С этой точки зрения — новаторство, но не эксперимент — любопытно взглянуть на предыдущую книгу Дозморова, единственную из его книг, почти не замеченную критикой, — на “Восьмистишья”. Теперь она видится весьма интересной попыткой канона: стихотворение твердой формы о природе. Или, если угодно, попыткой исчерпания канона. Вещь, кажется, присущая не совсем русской поэзии, однако крайне любопытная.

Пейзажной лирики в чистом виде новая книга содержит сравнительно мало, но восьмистишья обильно представлены.
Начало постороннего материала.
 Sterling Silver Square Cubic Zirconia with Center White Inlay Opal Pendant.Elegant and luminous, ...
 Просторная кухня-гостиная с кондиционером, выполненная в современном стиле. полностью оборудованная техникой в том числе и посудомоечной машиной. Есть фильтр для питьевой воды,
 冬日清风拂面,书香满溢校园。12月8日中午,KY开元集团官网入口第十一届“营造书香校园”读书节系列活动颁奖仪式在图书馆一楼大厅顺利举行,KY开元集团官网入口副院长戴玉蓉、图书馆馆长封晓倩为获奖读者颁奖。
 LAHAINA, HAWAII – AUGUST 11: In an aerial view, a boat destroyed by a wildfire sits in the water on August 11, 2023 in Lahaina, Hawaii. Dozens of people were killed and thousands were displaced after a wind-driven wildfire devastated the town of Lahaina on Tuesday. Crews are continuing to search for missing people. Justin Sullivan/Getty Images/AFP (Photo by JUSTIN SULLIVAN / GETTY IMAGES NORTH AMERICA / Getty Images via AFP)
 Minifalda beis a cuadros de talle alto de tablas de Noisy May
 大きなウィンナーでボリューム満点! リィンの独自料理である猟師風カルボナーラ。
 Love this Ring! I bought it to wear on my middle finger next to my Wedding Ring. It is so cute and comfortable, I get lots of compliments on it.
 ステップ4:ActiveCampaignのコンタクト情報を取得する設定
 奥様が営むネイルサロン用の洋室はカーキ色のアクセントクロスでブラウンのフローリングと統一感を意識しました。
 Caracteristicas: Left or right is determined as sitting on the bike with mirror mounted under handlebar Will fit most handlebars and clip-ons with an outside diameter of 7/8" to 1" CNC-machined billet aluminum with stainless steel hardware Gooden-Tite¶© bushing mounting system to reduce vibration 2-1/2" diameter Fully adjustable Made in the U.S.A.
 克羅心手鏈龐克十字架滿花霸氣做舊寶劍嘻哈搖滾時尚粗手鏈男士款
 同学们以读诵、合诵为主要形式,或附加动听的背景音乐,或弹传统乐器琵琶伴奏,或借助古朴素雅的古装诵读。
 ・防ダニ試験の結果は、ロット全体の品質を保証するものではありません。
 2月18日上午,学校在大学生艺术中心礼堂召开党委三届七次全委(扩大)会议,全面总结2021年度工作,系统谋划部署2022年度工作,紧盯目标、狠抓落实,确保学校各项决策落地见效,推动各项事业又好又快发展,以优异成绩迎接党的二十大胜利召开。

Часто отличные:

 

В Эрмитаже и Лувре, Британском музее,
слава богу, есть лавочки. Быстро косея
от японских туристов и прочих красот,
закрываю глаза и секунд на шестьсот
отключаюсь. И вижу такую картину:
сосны, майскую нижнеисетскую глину,
что мне снится уже пятилетку, заметь.
Ненавижу искусство? Хочу умереть?

 

Здесь примечательны даже знаки препинания в последней строке. Любой из них или оба можно заменить на точку либо восклицательный знак. Тогда смысл и дыхание всего текста существенно поменяются, возникнут девять совершенно разных интерпретаций. Но автор захотел так.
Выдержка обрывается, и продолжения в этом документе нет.